Rita Lee era a única mulher em meio a quatro homens, o marido e os três filhos. "Uma completa inversão, porque, quando ela era nova, eram seis mulheres e um homem na mesma casa", acrescenta João. A família em que a cantora cresceu era formada pelo pai, Charles, a mãe, Romilda, três filhas —ela e as irmãs Mary e Virginia— e as agregadas Balu e Caru.


"Como filho, eu nunca tive muita noção de como as pessoas se conectavam com a Disneylândia que é Rita Lee. Porque é música, é moda, é maquiagem, é atitude.

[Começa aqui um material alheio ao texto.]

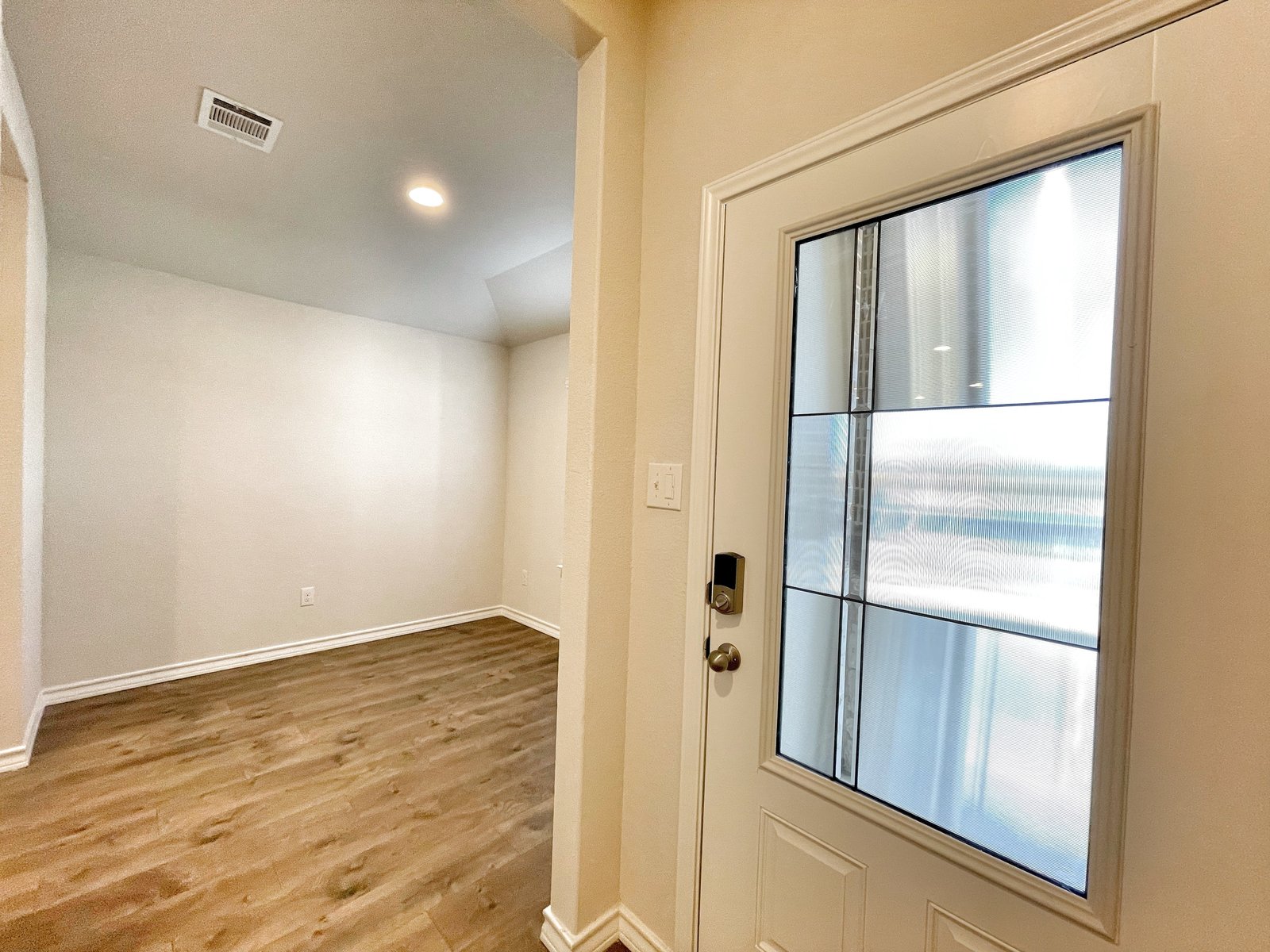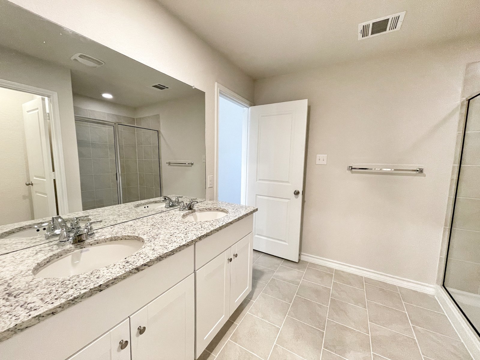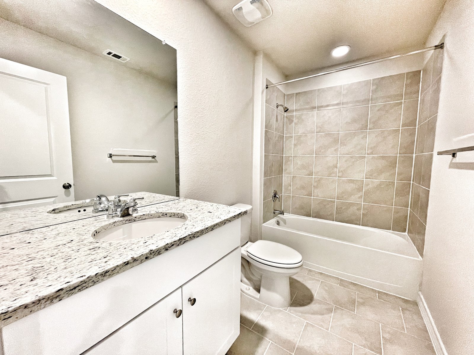 This single-story home offers an open and functional layout designed for modern living. A formal dining room sits just off the spacious kitchen, which features a breakfast bar, granite countertops, gas range, and stainless steel appliances - perfect for both everyday meals and entertaining. The inviting living area boasts recessed lighting and abundant natural light, creating a warm and comfortable space to relax or gather with friends and family. The large primary suite, located just off the living room, includes a double vanity, walk-in shower with tile surround, private toilet room, and an oversized walk-in closet. Down a separate hallway, you'll find two spacious secondary bedrooms and a full bath, offering privacy and versatility for family or guests. Enjoy outdoor living in the fenced backyard with a covered patio and full sprinkler system - ideal for weekend barbecues or quiet evenings. Conveniently located for an easy commute to San Antonio or San Marcos, and just minutes from H-E-B Plus, historic Gruene, Buc-ee's, and New Braunfels Town Center at Creekside. Residents also enjoy access to fantastic neighborhood amenities, including a community pool, playground, and upcoming connectivity to the West Alligator Creek Trail.
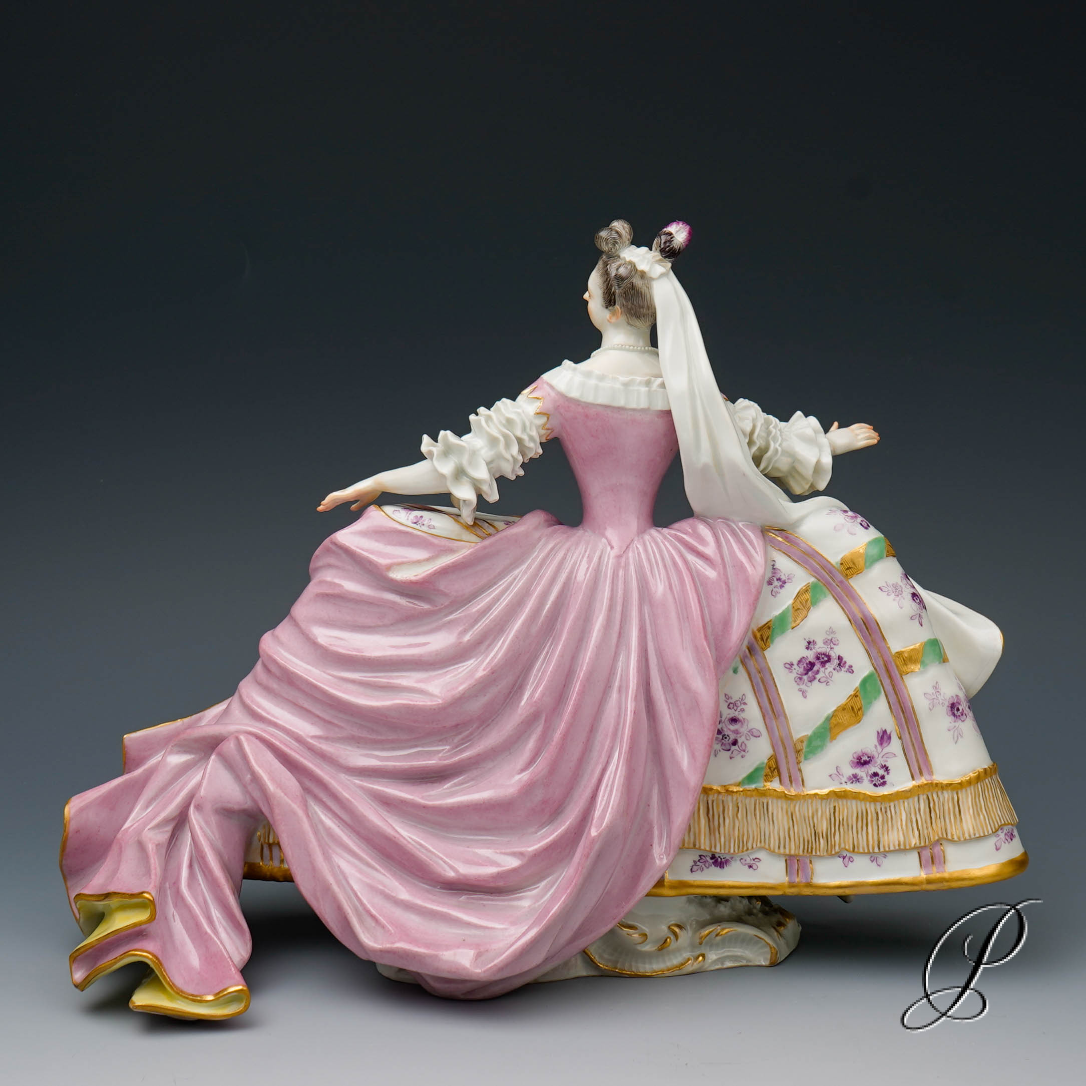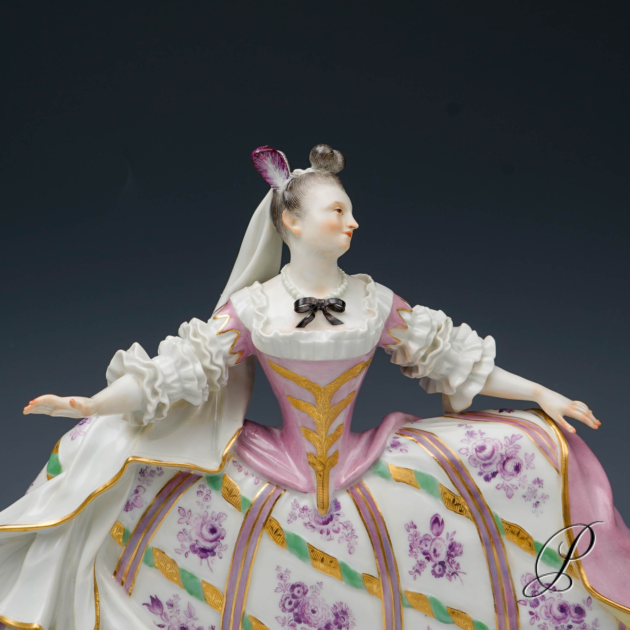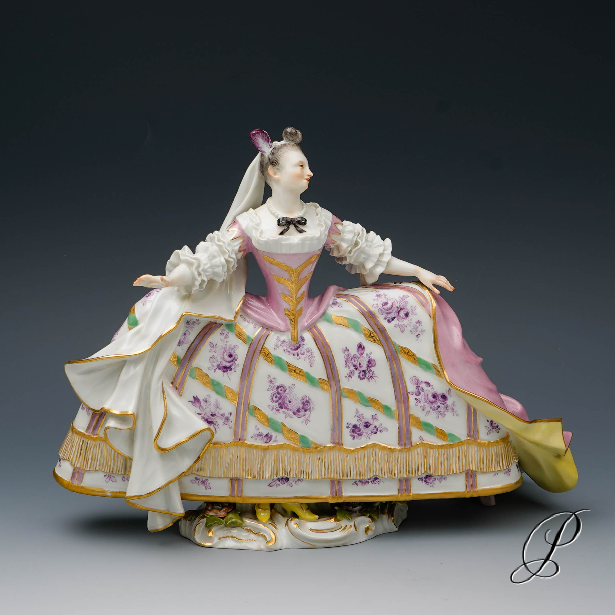 Traumhaft gemalter Reifrock. Wunderschön ausgearbeitet beeindruckt das Gewand mit realistischen Faltenwürfen. Sehr aufwendig modelliert. Ein wunderschönes und seltenes Stück Meissner Porzellan.
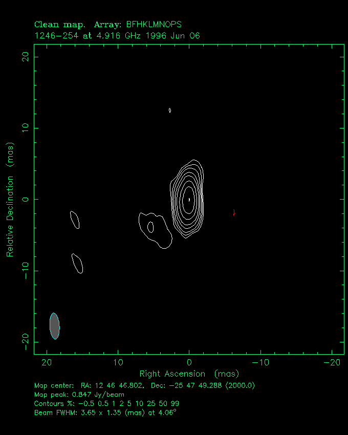 | 1244-255 | 12 h 46 m 46.8020 s | -25 ° 47 ´ 49.288 " | 2.3 Jy | quasar | 0.638 |
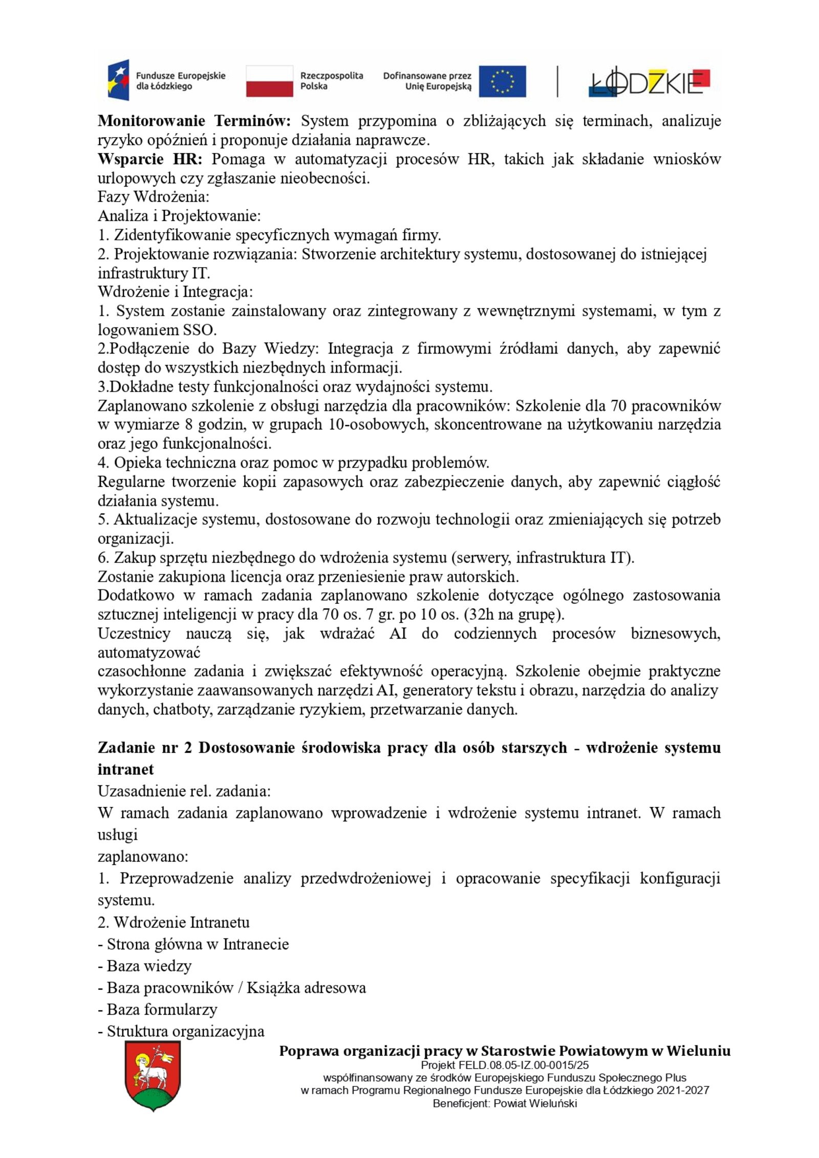 Zadanie nr 2 Dostosowanie środowiska pracy dla osób starszych - wdrożenie systemu intranet

Quando ela lançou a primeira autobiografia, eu cheguei à Livraria Cultura do Conjunto Nacional com cinco horas de antecedência. Estavam previstos 400 autógrafos, mas já havia uma fila com mais de 25 mil pessoas, se estendendo por vários quarteirões. Fui conversar com algumas delas. Uns 80% eram jovens que não tinham nem 25 anos".


"Já li uma sete ou oito vezes a primeira autobiografia, e quero ler muitas vezes mais, porque sempre me aprofundo mais. Um dia, eu estava assistindo TV com ela. Olhei para o lado e tomei um susto, porque veio tudo junto. Aquela pessoa cujo livro eu tinha acabado de ler estava ali, do meu lado".

Quem era o mais rígido com os filhos, Rita ou Roberto? "Meu pai, sem dúvida. Minha mãe tinha o coração muito mole, era uma pessoa que tinha dificuldade para falar não. Mas às vezes a gente fazia birra e ela encarnava uma menina mais birrenta ainda, a Gumgum, para nos dar um choque." Gumgum era uma das muitas personas, como define Roberto de Carvalho, que de vez em quando "baixavam" em Rita, para a diversão de quem estivesse por perto.


A doença de Rita pegou a família de surpresa. "No final de 2020, ela escorregou num tapete no quarto e bateu o cantinho de uma costela numa cadeira, dando uma trincadinha. A gente então aproveitou para fazer um check-up completo: radiografia, tomografia, tudo. Não havia nada no pulmão". Quando foi descoberto, em abril de 2021, o tumor no pulmão esquerdo tinha 20 centímetros de diâmetro. Assim que soube, João se mudou de volta para a casa dos pais, em Cotia, na Grande São Paulo, e morou lá pelos dois anos seguintes.


Não é simples definir João profissionalmente. Ele, que cursou faculdade de administração de empresas e até trabalhou em banco, se diz do ramo do entretenimento. É DJ de música eletrônica há muitos anos, e produziu sozinho os três volumes de "Rita Lee & Roberto – Classix Remix", álbuns que trazem os grandes sucessos de seus pais remixados por diversos DJs brasileiros.

"Eu sempre gostei do lado ‘business’ da música. Quando eu era pequeno, pedia para o meu pai me levar em reunião na gravadora. Também adorava entrar no estúdio, que parecia uma nave espacial, com aqueles botões todos."


"Já fiz tudo o que você pode imaginar: projeto de captação, contabilidade, fluxo de caixa, planilhas. Nesse projeto dos remixes, fiz desde os contratos até a prestação de contas. Entreguei tudo pronto para gravadora lançar".

"A gente tem um cronograma de produtos [a serem lançados] muito grande", revela ele. Um desses produtos é uma cinebiografia de Rita Lee, cujo roteiro ela mesma escreveu. "Tem uns 85% prontos. Agora é só fazer um ajuste fino. Ela ainda deixou muitos cadernos. Tem uns só de tuítes, tem diários. A capacidade produtiva dela era inacreditável. Ninguém a segurava, não havia nada que a fizesse parar. Nem a doença conseguiu".


Um projeto inacabado é um livro infantil sobre o câncer. "Ela via crianças fazendo quimioterapia, e doou muitos livros infantis para o hospital. Queria fazer uma leitura com elas, mas não deu: a gente ainda estava no meio da pandemia. Aí o oncologista dela, o doutor Óren Smaletez, contou que não havia um material que explicasse para essa criançada o que é câncer e como é a batalha que elas vão enfrentar. Ele deu a ela essa missão, que agora eu quero levar adiante."